The second design goal is how to scientifically increase the redundancy to resist the impact of weak network transmission on subjective perception of personnel. Here is a brief list of the types of encoding that add redundancy, such as extreme full I frame encoding, intra-frame refresh mode, and long reference frame and SVC encoding. In some spatial video services, in order to improve the time delay of spatial positioning, we will use some full I frame encoding combined with some common encoding to reduce the time delay of spatial positioning. In order to reduce the burst of large I frames in cloud games, we use intra-frame refresh encoding.

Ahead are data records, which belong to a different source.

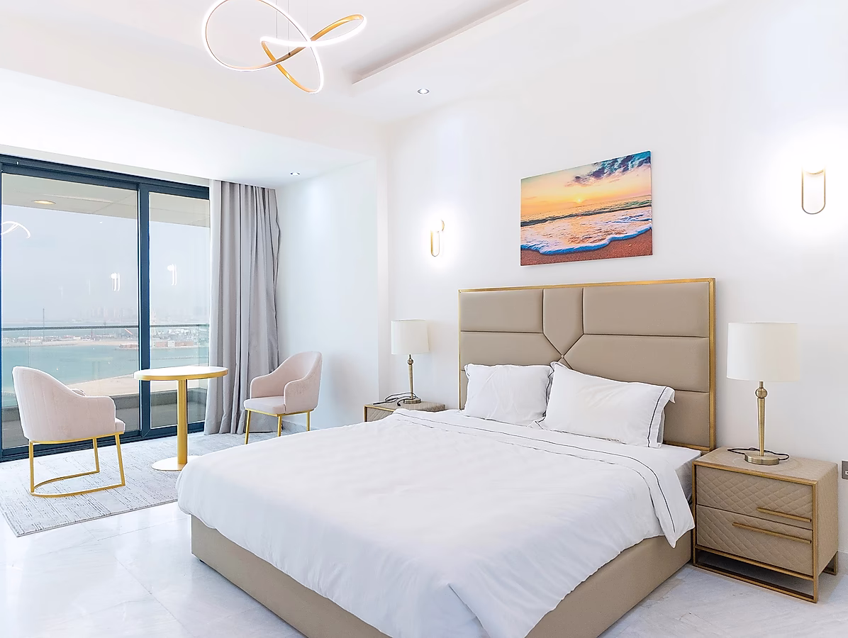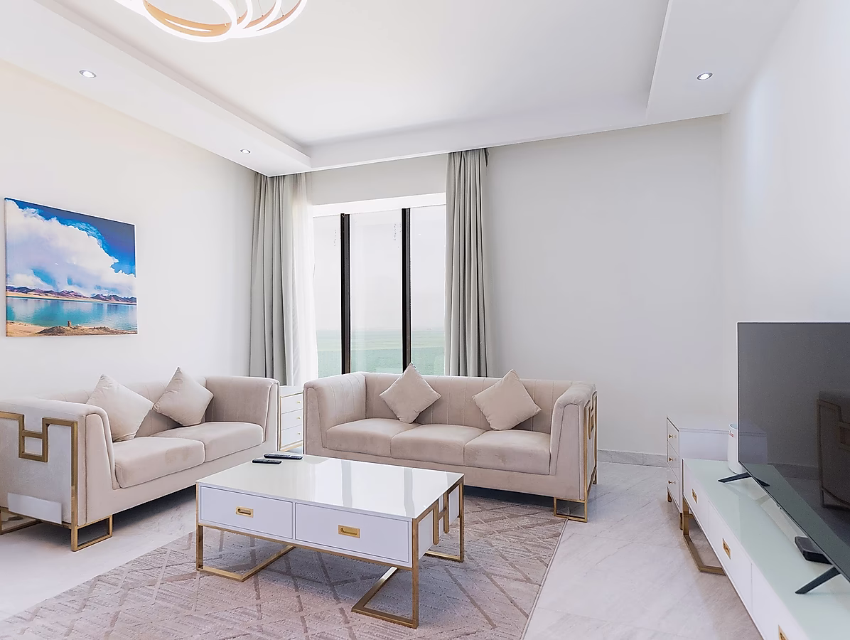 شقة فاخرة مطلة على البحر | غرفتان نوم مفروشة في مدينة الترفيه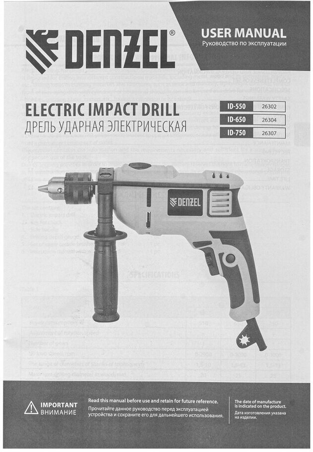 Дрель ударная Denzel ID-650, 650 Вт, 0-3000 об/мин, 48000 уд/мин 26304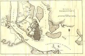 In early 1776, Rutledge learned that British forces would attempt to take Charleston. In response, he ordered the construction of Fort Sullivan (now Fort Moultrie) on Sullivan's Island in Charleston Harbor. When the British arrived, the fort was only half completed. General Charles Lee of the Continental Army, who had arrived a few days earlier with reinforcements from North Carolina, told Rutledge the fort should be evacuated, as Lee considered it indefensible. Lee said that the fort would fall in under a half an hour, and all the men would be killed.[15] In a note to the fort's commanding officer, Colonel William Moultrie, Rutledge wrote "General Lee ... wishes you to evacuate the fort. You will not, without [an] order from me. I would sooner cut off my hand than write one."[16] Rutledge noticed that Lee was arrogant, uncouth and unfit to control the militia. Rutledge, by virtue of being elected by the state, gained control of the militia. Rutledge let it be known that only he could order the militia to defend Charleston. During this time, Rutledge garnered the nickname "Dictator John" by virtue of getting his way with things.[17]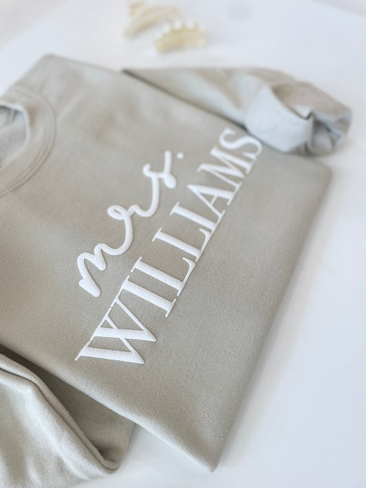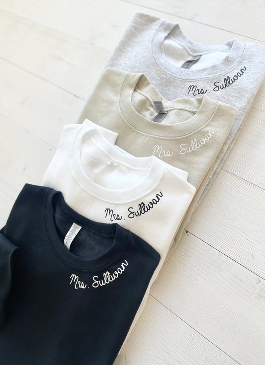 Custom Embossed Mrs. Crewneck Sweatshirt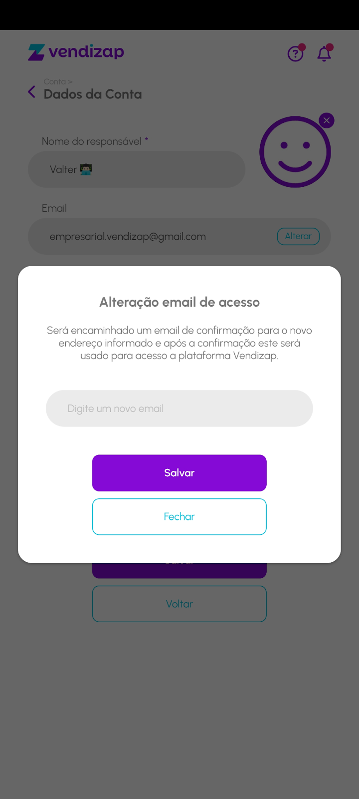 O e-mail utilizado para login na plataforma Vendizap também é o mesmo endereço usado no contato com os seus clientes. Por isso, manter esse dado atualizado é essencial para garantir uma comunicação eficiente e acesso seguro à plataforma.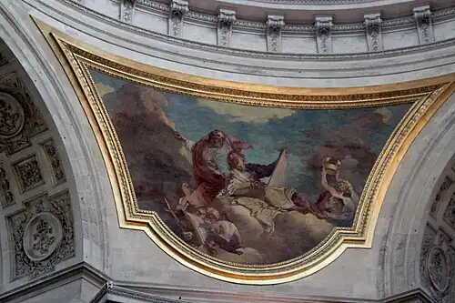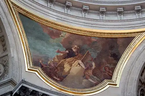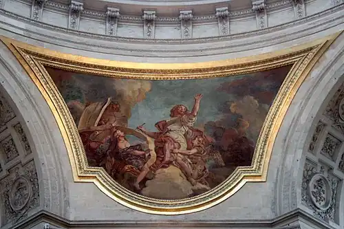 Les fresques de l’intérieur du dôme des Invalides furent son ouvrage capital. Il représente Saint Louis déposant sa couronne et son épée entre les maint de Jésus-Christ, assis au milieu d’une gloire et accompagné de la Vierge, et peint quatre pendentifs représentant les évangélistes avec leurs attributs et entourés d’anges (huile sur toile, Diam. 199 cm)[1]. Noël Cochin a gravé d’après lui ces peintures, en 22 planches. En 1771, Doyen restaura ces peintures fort endommagées par le temps.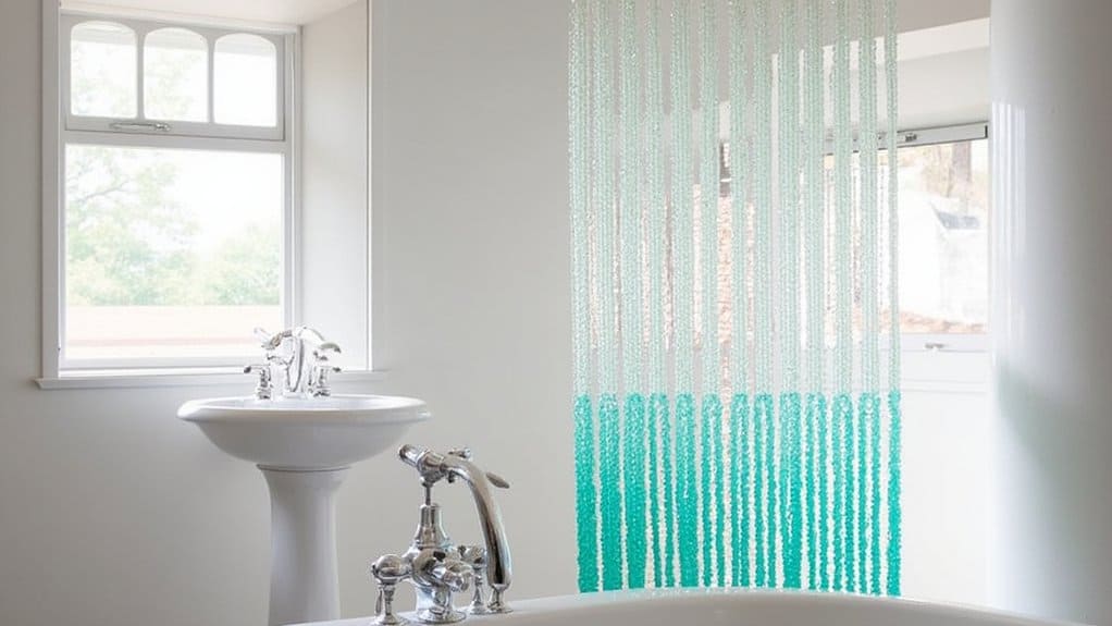 Creativity shines when you add a beaded curtain separator to define spaces in your old bathroom. It’s an easy, stylish way to section off areas without walls. Hang it in about 30 minutes to separate your tub from the rest of the room.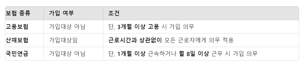 보험 혜택도 놓칠 수 없습니다. 초단시간근로자는 고용보험과 산재보험 적용이 다릅니다.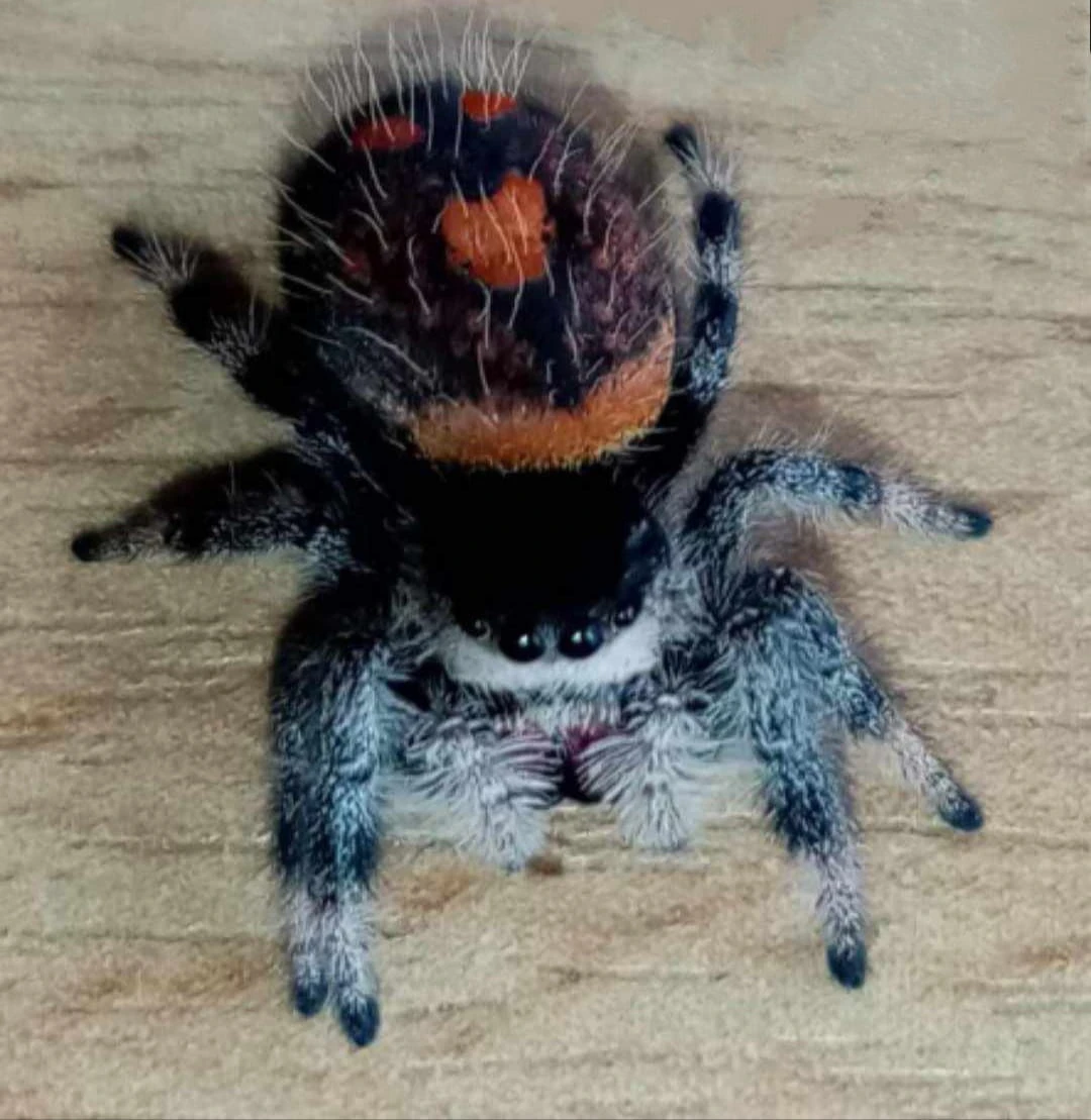Eine schöne Farbvariante der beliebten Springspinne Phidippus regius. Sie erreichen eine Größe von etwa 2 cm. Sie jagen gerne und aktiv, indem sie auf ihre Beute springen.

Long – term reference frame and SVC are common encoding methods in real-time audio and video service.

3.3 PVC perceptual coding

Here are some of our specific coding techniques. Our cloud video team, together with Huawei 2012 Central Media Technology Institute, improved the PVC perceptual coding algorithm from the perspective of analyzing the human visual system. Our algorithm went through several iterations. The latest perceptual coding 2.0 algorithm achieves a 1Mbps bit rate and provides a 1080P 30 frame HD experience; The main ideas for improvement of the algorithm are as follows: firstly, the scene and region are distinguished through pre-analysis and coding feedback information. The main highly sensitive areas of the real-time call scene include the face region and the static region. Different coding parameters and rate allocation strategies are adopted for different scenes and regions, such as low rate allocation for non-sensitive regions. On the basis of 1.0, we added AI technology in code control. Compared with the previous fixed combination of code rate and resolution, the new method is based on AI perceptual code control to obtain the optimal combination of code rate and resolution in different scenes, so as to achieve better subjective effects under low bandwidth.

3.4 SCC code

The second coding technology is SCC coding, which is mainly applied to the coding of computer generated images, such as the screen sharing scene in education or conference. Compared with X265 Ultrafast gear, the compression performance of our algorithm is improved by 65%, and the coding speed is improved by 50% under the same computing resources. We also addressed some of the issues specific to the screen sharing scenario. When sharing, I often share some pictures and texts, such as Word or PPT. This type is relatively static. At this time, the encoding parameters will generally adopt the encoding method of low frame rate to ensure its picture quality as much as possible, but in many cases, after sharing text and text, they will switch to sharing video. If we don’t have a good perception of this, our experience of watching a video is a discontinuous picture, similar to GIF.

In order to solve this problem, we adopt the complexity analysis based on the time and space domain of video to adapt the frame rate of video coding. This gives you a high quality image for still graphics, and also ensures fluency when you switch to video sharing.

The second problem we solved was the color distortion problem brought by the YUV444 subsampling to the YUV420 scene, because we know that many times the screen shares static text and text, and the requirement for the color is relatively high. But it from under the YUV444 sampling to YUV420, UV domain signal will appear a lot of attenuation, is left without prior effect of using the new algorithm, on the right is the effect after using the new algorithm, significantly more clearly as you can see the picture on the right fonts, colour degree of distortion will be small, the core is the use of the color correction algorithm is low complexity.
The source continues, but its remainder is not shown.